■ **What you need to do**: I would like the lines below, from the one with "为进一步做好高校毕业生春季促" through the one with "I had initially", copied exactly and without any pictures.

■ **Data extract**:
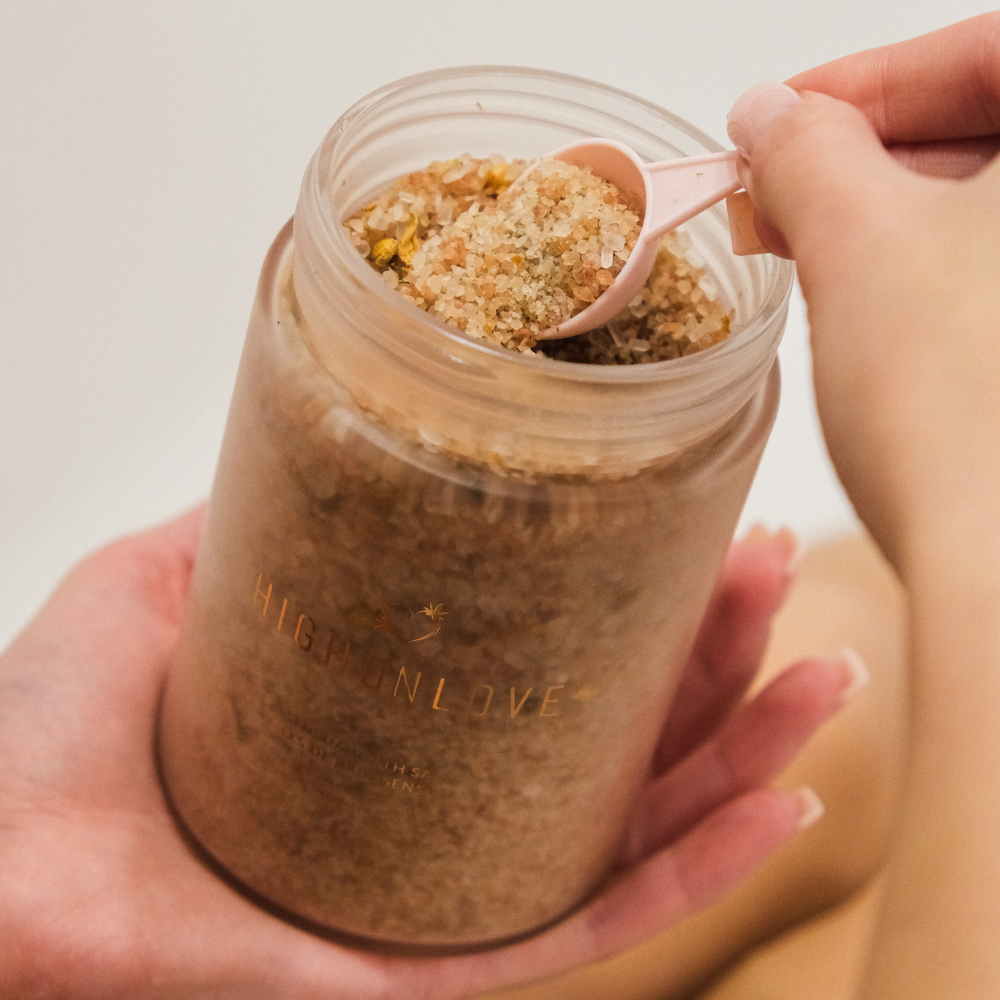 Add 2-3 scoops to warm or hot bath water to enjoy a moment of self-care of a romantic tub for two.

* * *

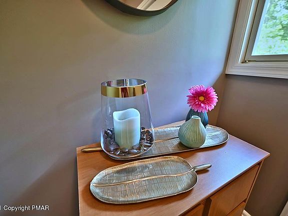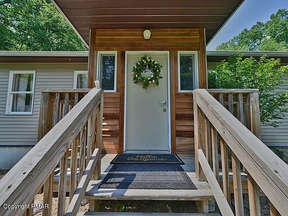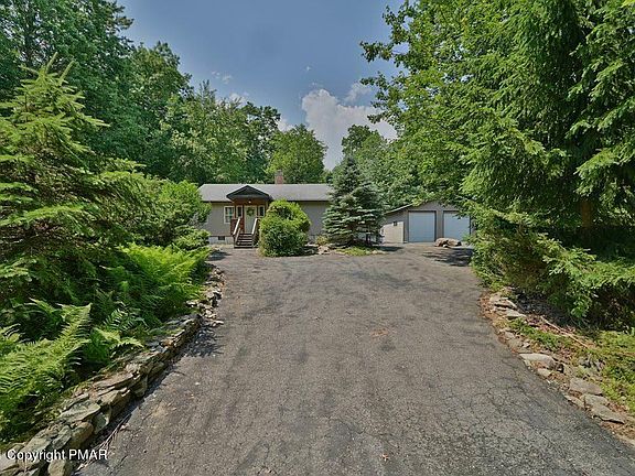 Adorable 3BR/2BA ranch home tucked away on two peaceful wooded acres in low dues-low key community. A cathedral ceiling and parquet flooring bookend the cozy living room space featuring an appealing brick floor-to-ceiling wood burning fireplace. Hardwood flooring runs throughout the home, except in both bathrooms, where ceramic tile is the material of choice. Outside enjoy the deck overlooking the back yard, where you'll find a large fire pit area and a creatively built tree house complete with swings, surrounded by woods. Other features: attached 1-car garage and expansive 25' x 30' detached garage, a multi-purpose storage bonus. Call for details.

...

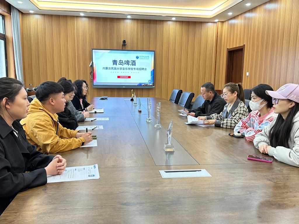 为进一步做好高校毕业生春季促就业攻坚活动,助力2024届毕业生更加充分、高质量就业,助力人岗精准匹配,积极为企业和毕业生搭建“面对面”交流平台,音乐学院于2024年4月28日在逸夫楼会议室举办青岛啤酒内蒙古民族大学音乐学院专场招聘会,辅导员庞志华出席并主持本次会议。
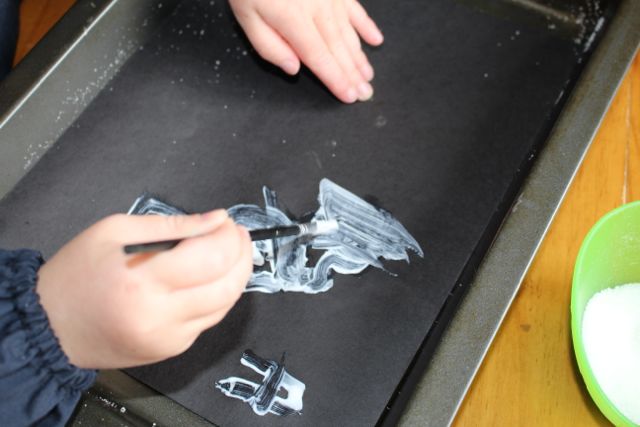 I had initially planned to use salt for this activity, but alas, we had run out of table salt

■ **Your solution**:
 为进一步做好高校毕业生春季促就业攻坚活动,助力2024届毕业生更加充分、高质量就业,助力人岗精准匹配,积极为企业和毕业生搭建“面对面”交流平台,音乐学院于2024年4月28日在逸夫楼会议室举办青岛啤酒内蒙古民族大学音乐学院专场招聘会,辅导员庞志华出席并主持本次会议。
 I had initially planned to use salt for this activity, but alas, we had run out of table salt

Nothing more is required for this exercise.